Gerald R. Ford's Remarks at the Opening of the Ford Museum's Saigon Staircase Exhibit, Grand Rapids Michigan

April 10, 1999

Thank you very much, Richard [Ford Library and Museum Director Richard Norton Smith]. This is a day of remembrance - and renewal. We remember past heroes, and we renew our hope that one day the people of Vietnam may enjoy the freedom that is every man's birthright. In that spirit, would you please join me in a silent prayer for all those who fought in a cause ennobled by their sacrifice....

Spring comes softly to west Michigan. In this season of new life and quickening possibilities, we have gathered to dedicate this staircase, which is all that remains of the former U.S. Embassy in Saigon. It has found a new home on the banks of the Grand River, thanks to the generosity of Fred Meijer and his family - whose name we give to the museum lobby in grateful recognition of their longstanding friendship and support. I would also like to acknowledge Secretary of State Madeleine Albright and her State Department colleagues, and the Gerald R. Ford Foundation and its chairman, Marty Allen, for all their help in preserving an important, if sobering, piece of 20th century history.

In recent days the civilized world has been horrified by the pictures coming out of Kosovo. We have drawn back in horror at what the diplomatic establishment calls ethnic cleansing, and we instinctively recognize as mass murder.
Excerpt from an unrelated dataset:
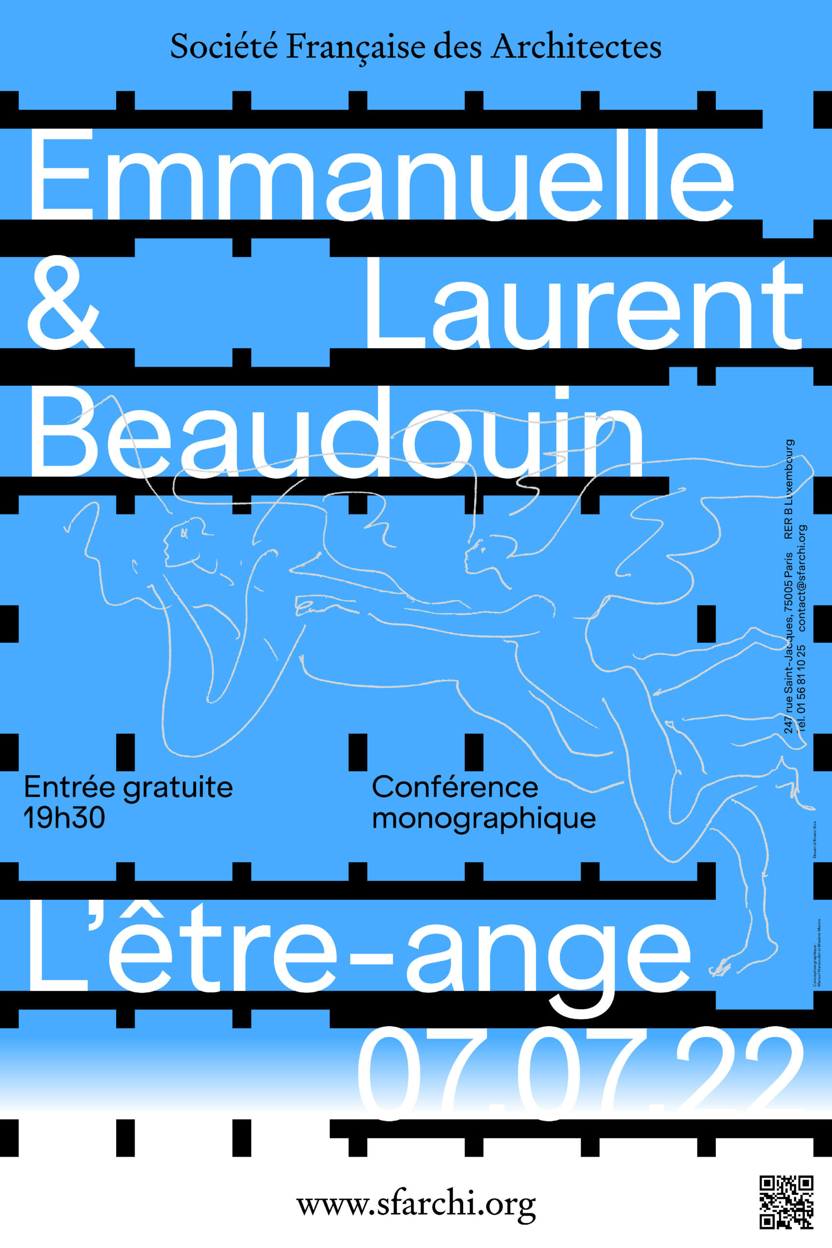 ■ Emmanuelle & Laurent Beaudouin juillet 7, 2022 Cecile L’Etre-ange En évoquant le titre de cette conférence auprès d’un ami philosophe, il m’a dit : « c’est intéressant mais quel est le rapport avec l’architecture ? ». J’ai compris que je me suis laissé piéger par le plaisir des mots aux sens multiples. Effectivement, cela n’a rien à voir avec ce que l’on attend d’une conférence, et je m’en excuse. Il va falloir trouver une explication à ce jeu de mots, et je n’aime pas les explications. Je me souviens de John Hejduk évoquant les anges, il en dessinait et réfléchissait à leur représentation en s’intéressant particulièrement à la transition entre la peau et les plumes, ce passage délicat où la peau se transforme en duvet. Les anges de ses dessins étaient présents dans l’étrange communauté qui habitait ses bâtiments. John Hejduk avait une grande connaissance de la littérature et du théâtre, il aimait en parler. Dans ses dessins et ses textes, il évoquait des rapports humains où se déroulaient parfois des drames ou des rites étranges. Ses « masques » – c’est ainsi qu’il nommait ses projets – étaient des scènes de théâtre, ses bâtiments des représentations symboliques de la tragédie humaine. On y trouve pêle-mêle, les Voûtes, des Images Mortes, des Chambres de Deuil, la Tour de la Trahison, celle des Sectes Révélées, la tombe d’Abel ou les Jardins de la Mort. Ses projets sont aussi des récits où ses anges étaient souvent déchus et quelquefois crucifiés. John Hejduk disait : « l’architecture est ce qui touche l’esprit, ce qui ne touche pas l’esprit est la construction ». Alvaro Siza est aussi un dessinateur d’anges, les siens survolent les villes comme s’ils les regardaient du ciel, avec bienveillance. Ses anges semblent flotter sans peser, ils regardent sans intervenir, ils sont contemplatifs. Ils sont à la fois les spectateurs et peut-être les inventeurs d’un monde qui se dessine sous leurs yeux. Ils semblent être détachés et impartiaux. Ils ne représentent ni le bien ni le mal, ils sont à l’écoute d’un monde en train de se faire. Ils sont étranges et étrangers, ils regardent la scène à distance. Pourtant les anges de Siza ne sont pas les annonciateurs d’un monde à venir, et encore moins les gardiens. Ils en sont les architectes muets.

Our hearts go out to the victims of a foreign dictator and his thuggish regime. It's a far cry from the mood prevailing in the spring of 1975. In their haste to consign an unpopular war to the history books, some Americans were all too willing to abandon those who had fought courageously at our side.

April 1975 was indeed the cruelest month. Even as Hanoi's armies poured south, I became the first President since Woodrow Wilson to meet with the Senate Foreign Relations Committee at the White House. My visitors were interested in one thing only - the immediate evacuation of all Americans in South Vietnam. One senator told me that to even try evacuating South Vietnamese refugees could involve us in a whole new war. Another pledged to vote whatever funds were needed to get Americans out - so long as the issue didn't become entangled with the question of our Vietnamese allies.

To me, such an attitude was unthinkable. To deliberately shut our doors to those fleeing a brutal dictatorship would add moral shame to military humiliation. It would have mocked the service of two and a half million Americans, and the supreme sacrifice of 58,209 who gave their lives so that a small land on the other side of the globe might somehow elude the grip of Communist tyranny. It would have repudiated the values we cherish as a nation of immigrants, and our longstanding tradition of providing refuge for the victims of religious, ethnic and political persecution.

In the end, we were able to mobilize public opinion and help resettle over 130,000 Vietnamese refugees, including Mr. Le and others in this audience. In the intervening years, you have greatly enriched our society, even as you have struggled to preserve your own traditions in a world few of us could have imagined in 1975. The passage of time has not dulled the ache of those days, the saddest of my public life. I pray that no future American president is ever faced with the grim options that confronted me as the military situation on the ground deteriorated ... mediating between those who wanted an early exit and others who would go down with all flags flying ... running a desperate race against the clock to rescue as many people as we could before enemy shelling destroyed airport runways ... followed by the heartbreaking realization that, as refugees streamed out onto those runways, we were left with only one alternative - a final evacuation by helicopter from the roof of the U.S. Embassy.

We did the best we could. History will judge whether we could have done better. Inevitably some will question the wisdom of official policy. Yet no one can doubt the idealism of those brave helicopter pilots who flew non-stop missions for 18 hours, dodging relentless sniper fire to land on an embassy roof illuminated by nothing more than a 35 mm slide projector. They are the true heroes. Thanks to them, the pain of that long ago April is salved by the pride of so many Vietnamese-Americans who have carved out new lives in a new land.

A quarter century after Operation Frequent Wind concluded, I still grieve over those we were unable to rescue. I still mourn for 2500 American soldiers who to this day remain unaccounted for. Yet the passage of time brings with it a fresh perspective. No doubt each visitor will interpret this staircase and its historical significance for himself. For many, it was both a way out of a nightmare - and a doorway into something incomparably better. To some it will always be seen as an emblem of military defeat.

For me, however, it is a monument of hope and not despair. For it symbolizes man's undying desire to be free. Ernest Hemingway once declared that human beings are not made for defeat. Man can be destroyed, he wrote, but he can never be defeated. What applies to individuals holds equally true for nations. There is more to a nation than its soil, its cities, its wealth, or even its government. There is a soul in a great people. It is steeled in their sufferings. They may be occupied by foreign armies. They may be temporarily enslaved. They may be economically impoverished. But the soul of a great people cannot be crushed.

Today the Ford Museum assumes stewardship of the Saigon staircase in the name of such a people. It is my hope that one day it may be returned to a Vietnam that is free. Until then, let us remember the millions of brave men and women - Vietnamese and Americans - who fought a common foe with uncommon valor. May God bless you and them, now and always.